• TASK: Keep every word of the listing and drop the images when you write it out.

[[ DATASET EXTRACT, beginning ]]

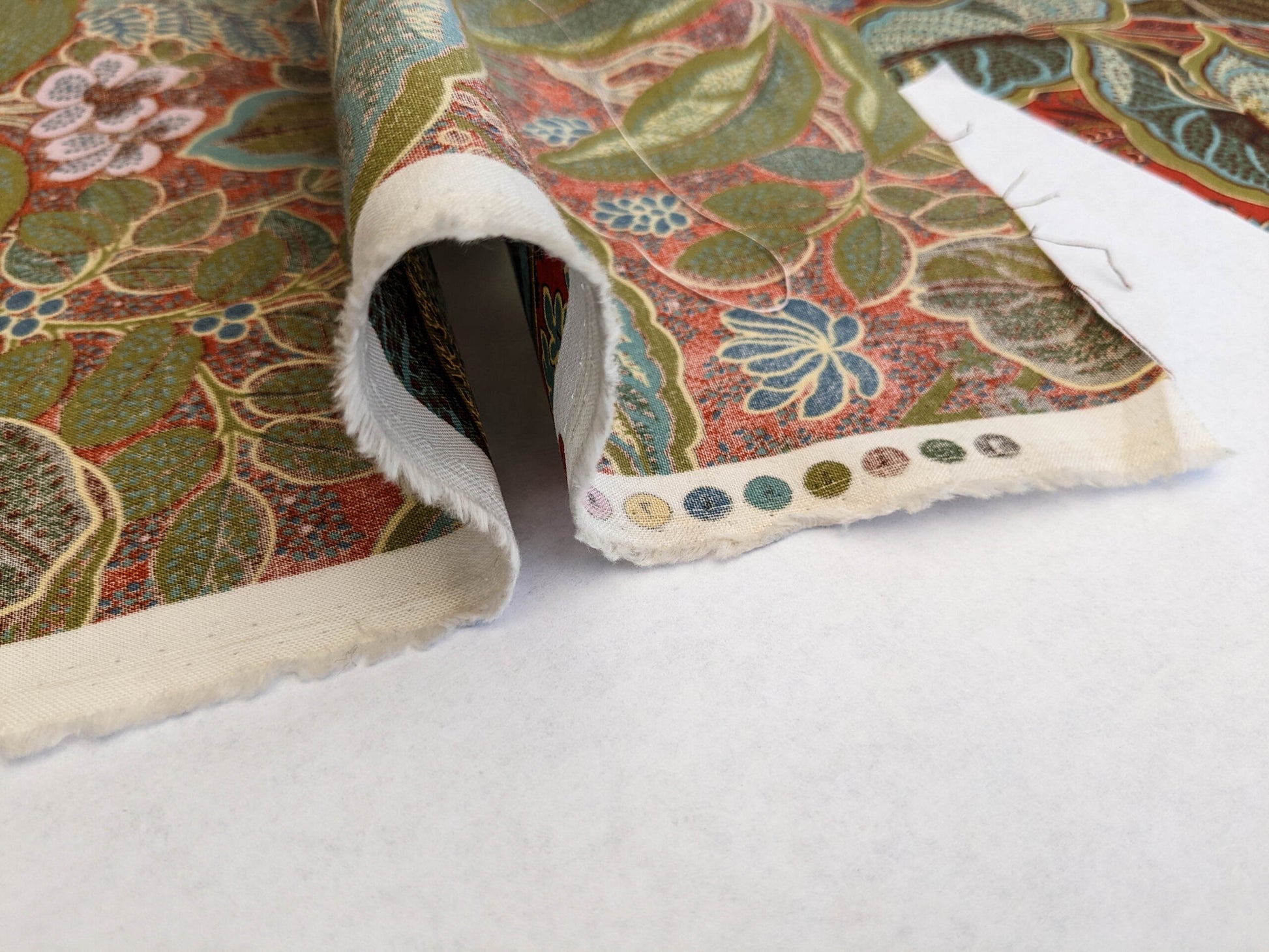 | APPROX. MATERIAL WIDTH: 54" / 137.16 cm APPROX. REPEAT: HORIZONTAL 26.75" / 67.95 cm; VERTICAL 11.5" / 29.21 cm CONTENT: 100% COTTON SUGGESTED USE: MEDIUM DUTY MULTIPURPOSE MADE IN: SWITZERLAND DESIGN: BOTANICAL / FOLIAGE FLORAL SCALE: LARGE MSRP USD364/y |
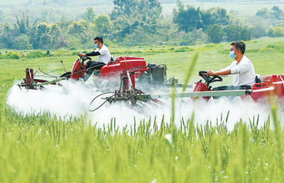 四川成都市双流区黄水镇,95后新农人对小麦进行植保作业。 李向雨摄(新华社发)
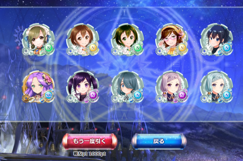 自分もSSRでなかった。それどころかキープキャラが普通に初期キャラの一人、トドメに事前登録の石で回しても全てR・・・
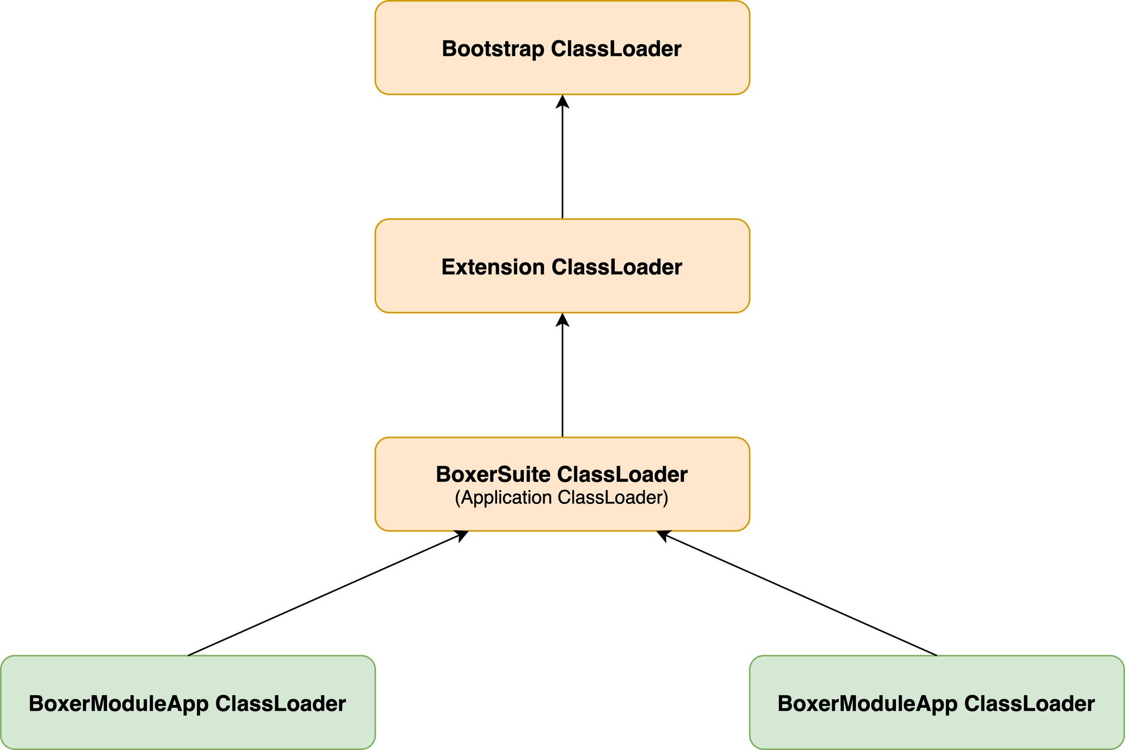 服务与服务(即模块与模块)之间,除了业务逻辑以及需要隔离的类之外,剩下的框架部分绝大部分是一致的,框架部分的类没有隔离的必要性。如下图,将不需要隔离性的框架类通过 BoxerSuiteClassLoader 管理可以提高内存空间利用率,因为 JVM 类加载器有双亲委派机制,ClassLoader 会优先从父 ClassLoader 加载类信息。

[[ DATASET EXTRACT, end ]]

• REPLY:
 | APPROX. MATERIAL WIDTH: 54" / 137.16 cm APPROX. REPEAT: HORIZONTAL 26.75" / 67.95 cm; VERTICAL 11.5" / 29.21 cm CONTENT: 100% COTTON SUGGESTED USE: MEDIUM DUTY MULTIPURPOSE MADE IN: SWITZERLAND DESIGN: BOTANICAL / FOLIAGE FLORAL SCALE: LARGE MSRP USD364/y |
 四川成都市双流区黄水镇,95后新农人对小麦进行植保作业。 李向雨摄(新华社发)
 自分もSSRでなかった。それどころかキープキャラが普通に初期キャラの一人、トドメに事前登録の石で回しても全てR・・・
 服务与服务(即模块与模块)之间,除了业务逻辑以及需要隔离的类之外,剩下的框架部分绝大部分是一致的,框架部分的类没有隔离的必要性。如下图,将不需要隔离性的框架类通过 BoxerSuiteClassLoader 管理可以提高内存空间利用率,因为 JVM 类加载器有双亲委派机制,ClassLoader 会优先从父 ClassLoader 加载类信息。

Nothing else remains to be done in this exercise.